Just what have I done to deserve that?”

“Nothing.” I turned to face him. His height came as a surprise after the short Queen; my gaze traveled for some time, up his chest and neck until I reached his unsmiling face. A trace of fear tingled my nerves at the sight of this unaccustomed gravity, and I asked if something were amiss.

“No, no. Have just been making my farewells to the happy couple, who seem to have accepted their miraculous lot with remarkable fortitude. Higganbotham was there, administering another lesson in Modern Greek. I don't believe they give a tinker's damn at the moment, but I daresay he will keep trying until it sinks in.”

“It's good of him to stay on and help them.”

“On the contrary, I think he would have stayed on whether they agreed or no. He's like a chap with a new bride.” Silverton paused to turn pink.

“Yes,” I said. “About that.”

“Don't say it like that.”

“Like what?”

“Like you're about to tell me
no.

The breeze was ruffling his hair, and the sun found his cheek. By now, the bruises had largely faded. Except for a few red marks left behind by the more serious lacerations, his beauty was back
in possession of his face, thoughtlessly perfect. He wasn't wearing his spectacles, and his eyes were blue and earnest, crinkled with worry at the corners. I reached up and brushed a speck of imaginary dust from his broad right shoulder.

“I wasn't about to say no,” I said. “But—”

He caught my hand, just before it left his shoulder, and held my fingers against his chest. “But?”

At the sight of his relief, and the warmth of his breath on my face, I had forgotten the substance of my conditional clause. “But I—but before we—”

Silverton leaned closer. His hand tightened around mine. “Before we
what
, Truelove?”

“Before you—that is, I think—”

He lifted his other hand and touched his finger to my lips. “Oh, let's not have any of this thinking business, Truelove. If you think any more, I daresay you'll probably change your mind, and my last hope for earthly redemption will be shattered.”

He is going to kiss me,
I thought, and then, in wonder:
And, by God, I believe I am going to let him.

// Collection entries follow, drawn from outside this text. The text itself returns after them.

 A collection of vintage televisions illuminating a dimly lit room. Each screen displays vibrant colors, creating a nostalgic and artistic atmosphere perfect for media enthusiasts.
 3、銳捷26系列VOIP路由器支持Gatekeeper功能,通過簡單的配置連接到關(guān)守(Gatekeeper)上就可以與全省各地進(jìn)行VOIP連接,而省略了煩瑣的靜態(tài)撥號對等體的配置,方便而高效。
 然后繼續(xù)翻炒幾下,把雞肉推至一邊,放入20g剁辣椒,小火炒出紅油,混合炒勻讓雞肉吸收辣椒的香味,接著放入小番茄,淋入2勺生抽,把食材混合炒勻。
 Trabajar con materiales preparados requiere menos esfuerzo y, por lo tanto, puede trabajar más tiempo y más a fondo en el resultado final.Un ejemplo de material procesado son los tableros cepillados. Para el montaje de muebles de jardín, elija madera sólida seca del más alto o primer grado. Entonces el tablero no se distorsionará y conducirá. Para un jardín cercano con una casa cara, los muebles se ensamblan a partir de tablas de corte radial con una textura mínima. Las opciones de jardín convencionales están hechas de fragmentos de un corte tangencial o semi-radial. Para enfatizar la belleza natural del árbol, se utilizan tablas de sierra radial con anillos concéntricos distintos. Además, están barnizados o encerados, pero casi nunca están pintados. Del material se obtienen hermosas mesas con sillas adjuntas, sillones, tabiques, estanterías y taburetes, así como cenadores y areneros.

His hand moved to lie against my cheek, and such was the length of him, his fingertips rested on the crown on my head, while his wrist touched my jaw.

“If you wish to remain untouched before your wedding night, Truelove,” he said, smiling a little, “you had better speak up now.”

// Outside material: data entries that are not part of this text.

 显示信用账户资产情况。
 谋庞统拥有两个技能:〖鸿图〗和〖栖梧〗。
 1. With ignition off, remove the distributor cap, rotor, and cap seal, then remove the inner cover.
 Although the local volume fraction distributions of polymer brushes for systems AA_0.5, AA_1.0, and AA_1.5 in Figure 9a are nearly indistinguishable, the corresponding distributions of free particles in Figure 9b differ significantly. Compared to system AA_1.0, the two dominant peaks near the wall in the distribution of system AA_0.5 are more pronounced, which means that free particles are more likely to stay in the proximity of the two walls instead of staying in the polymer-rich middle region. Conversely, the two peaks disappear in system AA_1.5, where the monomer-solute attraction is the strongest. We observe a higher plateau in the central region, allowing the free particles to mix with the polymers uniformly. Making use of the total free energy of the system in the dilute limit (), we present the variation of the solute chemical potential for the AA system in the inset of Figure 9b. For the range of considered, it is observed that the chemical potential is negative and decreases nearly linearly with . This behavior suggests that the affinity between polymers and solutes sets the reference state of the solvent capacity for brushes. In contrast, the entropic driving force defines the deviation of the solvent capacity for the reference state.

His head moved closer, while my ears sorted through his words. His eyelids sank, and I closed my own eyes. Just before his lips touched mine, I heard myself say, “But I am not untouched.”

Silverton paused, a millimeter away.

A second passed, and another. I opened my eyes.

“What did you say?” he asked softly.

I don't think I answered him aloud; I don't think I was able to say the words again, not while his eyes were open, and mine, too.

“Yes,” he said at last. “As I thought.”

He did not release my hand, but he straightened away from the imminent kiss. A bird screamed overhead.

“We should be getting back,” I said. “The ship leaves soon.”